_DATA BLOCK_:
- - - - - - -

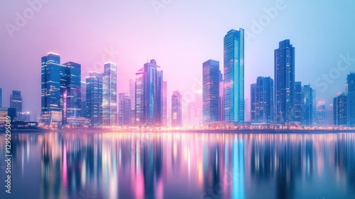 © lek Rinto, Fototapeta premium Vibrant Cityscape Reflection at Dusk
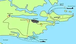 L'Operación Rosario[19] débute au soir du jeudi , lorsque la frégate argentine ARA Santísima Trinidad (D-2) (en) de la Task Force 40 s'arrête à 500 mètres de Mullet Creek (en) au sud de Stanley et débarque une unité de forces spéciales de la marine argentine (Agrupación de Buzos Tácticos) pour l'occuper.
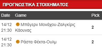 Στο Μόναχο, η Μπάγερν υποδέχεται τη Ζαλγκίρις Κάουνας, με τους μπουκ να χρίζουν τους Γερμανούς φαβορί της αναμέτρησης, επηρεασμένοι από τις απουσίες των Λιθουανών. Ο Σαρούνας Γιασικεβίτσιους δεν θα έχει κατά πάσα πιθανότητα στη διάθεσή του τους Νέιτ Ουότερς, Αντάνας Καβαλιάουσκας και Άαρον Ουάιτ, αλλά είναι πιθανό να επιστρέψει ο αρχηγός Παούλιους Γιανκούνας. Η Ζαλγκίρις τα καταφέρνει φέτος καλύτερα μακριά από την έδρα της, καθώς έχει χάσει μόνο από την ΤΣΣΚΑ Μόσχας στην παράταση. Ο Σάρας έχει φτιάξει και φέτος μια πολύ καλή ομάδα, που μπορεί να λειτουργήσει ομαλά ακόμα και όταν έχει απουσίες και έτσι, το 2.30 στο «διπλό» δεν μπορεί να αγνοηθεί! Σημαντική απουσία, εξάλλου, θα έχει και η Μπάγερν, η οποία θα παίξει χωρίς τον βασικό ψηλό της Ντέβιν Μπούκερ.

- - - - - - -

_TASK STATEMENT_: The required response consists solely of the lines from the line containing "L'Operación Rosario[19] débute" through the end of the listing, both ends included, copied exactly without pictures.

_TASK SOLUTION_:
 L'Operación Rosario[19] débute au soir du jeudi , lorsque la frégate argentine ARA Santísima Trinidad (D-2) (en) de la Task Force 40 s'arrête à 500 mètres de Mullet Creek (en) au sud de Stanley et débarque une unité de forces spéciales de la marine argentine (Agrupación de Buzos Tácticos) pour l'occuper.
 Στο Μόναχο, η Μπάγερν υποδέχεται τη Ζαλγκίρις Κάουνας, με τους μπουκ να χρίζουν τους Γερμανούς φαβορί της αναμέτρησης, επηρεασμένοι από τις απουσίες των Λιθουανών. Ο Σαρούνας Γιασικεβίτσιους δεν θα έχει κατά πάσα πιθανότητα στη διάθεσή του τους Νέιτ Ουότερς, Αντάνας Καβαλιάουσκας και Άαρον Ουάιτ, αλλά είναι πιθανό να επιστρέψει ο αρχηγός Παούλιους Γιανκούνας. Η Ζαλγκίρις τα καταφέρνει φέτος καλύτερα μακριά από την έδρα της, καθώς έχει χάσει μόνο από την ΤΣΣΚΑ Μόσχας στην παράταση. Ο Σάρας έχει φτιάξει και φέτος μια πολύ καλή ομάδα, που μπορεί να λειτουργήσει ομαλά ακόμα και όταν έχει απουσίες και έτσι, το 2.30 στο «διπλό» δεν μπορεί να αγνοηθεί! Σημαντική απουσία, εξάλλου, θα έχει και η Μπάγερν, η οποία θα παίξει χωρίς τον βασικό ψηλό της Ντέβιν Μπούκερ.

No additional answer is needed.